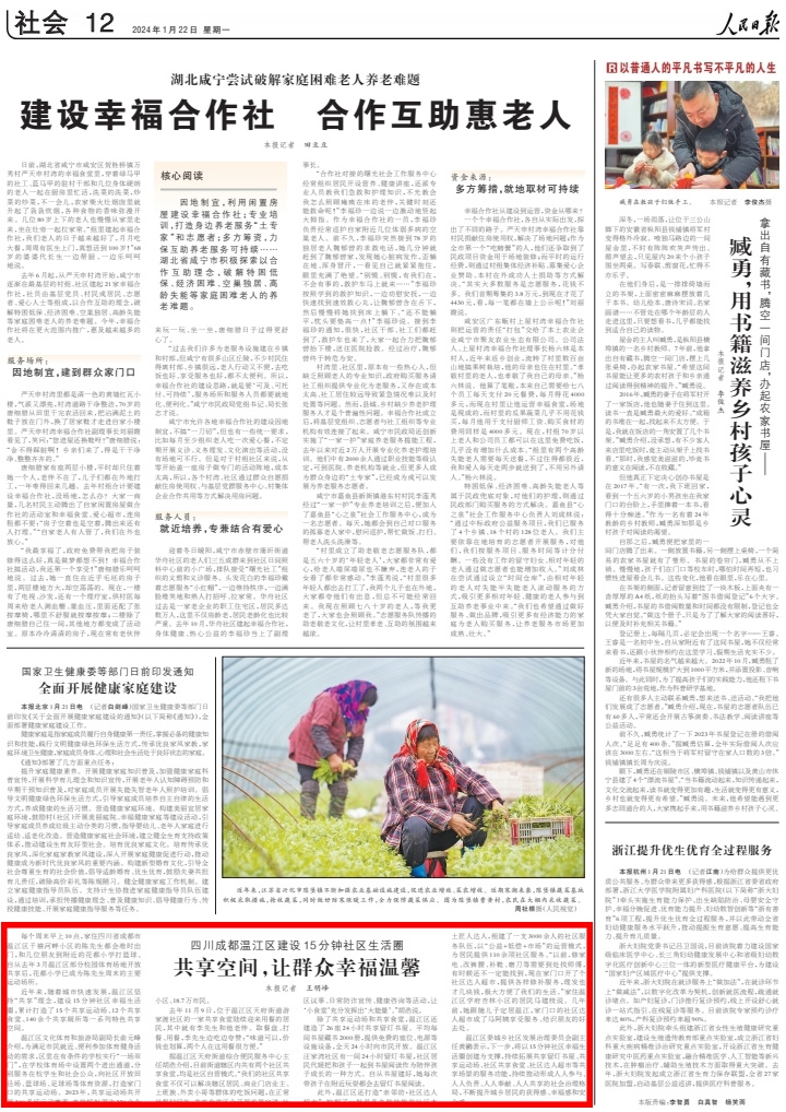 此外,温江区还打造“亲邻坊·社区达人超市”,挖掘了一批具备各种技能的社区本土匠人达人,组建了一支3000余人的社区服务队伍,以“公益+低偿+市场”的运营模式,为居民提供110余项社区服务。“以前,修家电、改裤腰、补鞋、磨刀等需要到处找师傅,有时候还不一定能找到,现在家门口开了个社区达人超市,提供各样修补服务,理发也才几块钱,极大方便了我们的生活。”家住温江区学府杏林小区的居民马建枝说。几年前,她跟随儿子定居温江,家门口的社区达人超市成了马阿姨享受服务、结识朋友的好去处。
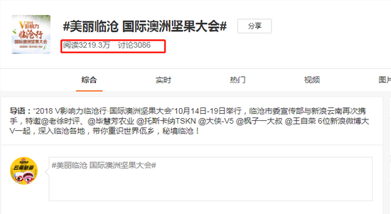 截至10月23日,微博话题#美丽临沧 国际澳洲坚果大会#累计阅读量3219.3万,讨论量达3086,数据仍在持续上涨。新浪云南官方微博及大V累计发布博文、小视频等超过七十余条,覆盖粉丝超500多万,在网络上形成了较大的影响力,集合网友力量,展现世界佤乡临沧的秘境风光及发展成果。
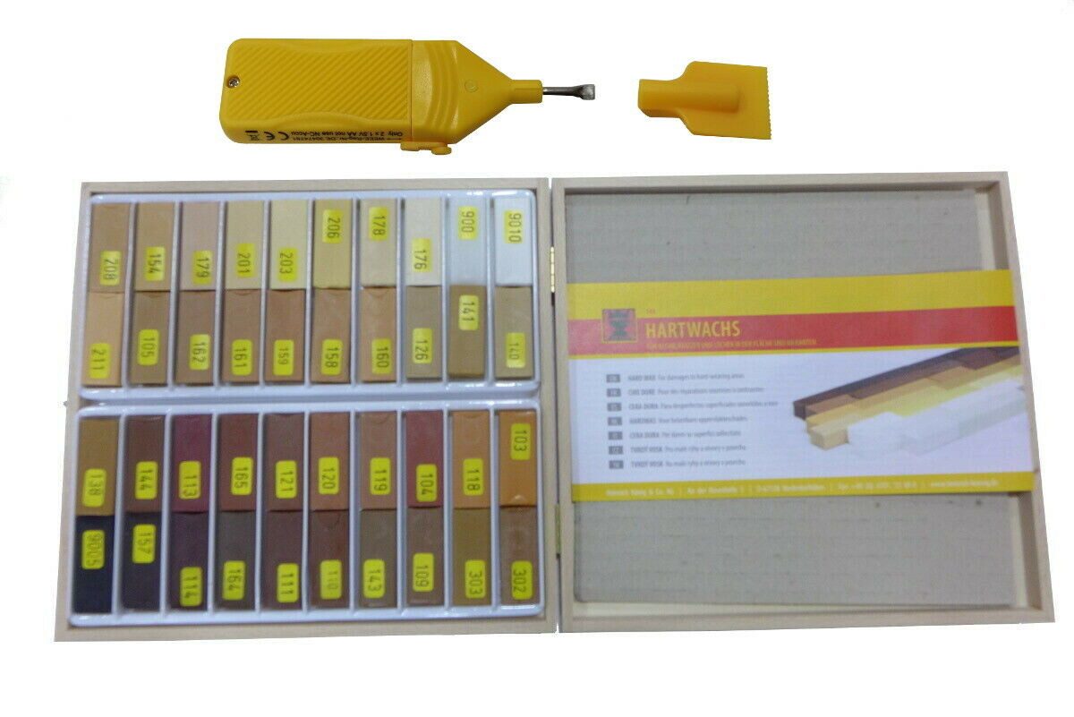 Hartwachs-Set mit 40 verschiedenen Holztönen, untereinander mischbar incl. Hartwachsschmelzer Eigenschaften: für kleine Schäden kleine Kratzer oder Löcher für Echtholz oder Dekore schnell und einfach zum Nachretuschieren Hartwachs-Set mit 40 verschiedenen Holztönen, untereinander mischbar. Damit reparieren Sie fast alle Holzsorten oder Dekore im Parkett, Dielenboden, Laminat, Kork oder Designbelag. Inhalt Farbtöne: RAL 9010 Reinweiß 900 Transparent 176 Ahorn hell 178 Ahorn Natur 206 Kiefer mittel 203 Kiefe 201 Birke 179 Ahorn Mittel Rötlich 154 Buche Mittel 208 Kiefer Natur Kern 140 Eiche Natur 141 Eiche Hell 126 Limba 160 Erle Medium 158 Buche Dunkel 159 Buche/Lärche 161 Erle Mittel Dekor 162 Erle Dunkel Honig 105 Rüster Hell 211 Sen Esche 103 Kirschbaum 118 Birnbaum hell 104 Kirschbaum Rötlich 119 Birnbaum Mittel 120 Birnbaum Dunkel 121 Macoré Hell 165 Palisander Hell 113 Mahagoni Hell 144 Braun 138 Teak 302 Eiche Bräunlich 303 Eiche Rustikal 109 Nussbaum Hell 143 Eiche Dunkel 110 Nussbaum Mittel 111 Nussbaum Dunkel 164 Nussbaum Antik 114 Mahagoni Dunkel 157 Mooreiche RAL 9005 Tiefschwarz Inhalt: 40 Holzfarbtöne a 4 cm lang, im Holzkasten, 1 Hartwachsschmelzer ohne Batterien (benötigt 2xAA)

----------

Print the lines from the one that contains "截至10月23日,微博话题#" through the final line of the material above, exactly and only those, with pictures left out.

 截至10月23日,微博话题#美丽临沧 国际澳洲坚果大会#累计阅读量3219.3万,讨论量达3086,数据仍在持续上涨。新浪云南官方微博及大V累计发布博文、小视频等超过七十余条,覆盖粉丝超500多万,在网络上形成了较大的影响力,集合网友力量,展现世界佤乡临沧的秘境风光及发展成果。
 Hartwachs-Set mit 40 verschiedenen Holztönen, untereinander mischbar incl. Hartwachsschmelzer Eigenschaften: für kleine Schäden kleine Kratzer oder Löcher für Echtholz oder Dekore schnell und einfach zum Nachretuschieren Hartwachs-Set mit 40 verschiedenen Holztönen, untereinander mischbar. Damit reparieren Sie fast alle Holzsorten oder Dekore im Parkett, Dielenboden, Laminat, Kork oder Designbelag. Inhalt Farbtöne: RAL 9010 Reinweiß 900 Transparent 176 Ahorn hell 178 Ahorn Natur 206 Kiefer mittel 203 Kiefe 201 Birke 179 Ahorn Mittel Rötlich 154 Buche Mittel 208 Kiefer Natur Kern 140 Eiche Natur 141 Eiche Hell 126 Limba 160 Erle Medium 158 Buche Dunkel 159 Buche/Lärche 161 Erle Mittel Dekor 162 Erle Dunkel Honig 105 Rüster Hell 211 Sen Esche 103 Kirschbaum 118 Birnbaum hell 104 Kirschbaum Rötlich 119 Birnbaum Mittel 120 Birnbaum Dunkel 121 Macoré Hell 165 Palisander Hell 113 Mahagoni Hell 144 Braun 138 Teak 302 Eiche Bräunlich 303 Eiche Rustikal 109 Nussbaum Hell 143 Eiche Dunkel 110 Nussbaum Mittel 111 Nussbaum Dunkel 164 Nussbaum Antik 114 Mahagoni Dunkel 157 Mooreiche RAL 9005 Tiefschwarz Inhalt: 40 Holzfarbtöne a 4 cm lang, im Holzkasten, 1 Hartwachsschmelzer ohne Batterien (benötigt 2xAA)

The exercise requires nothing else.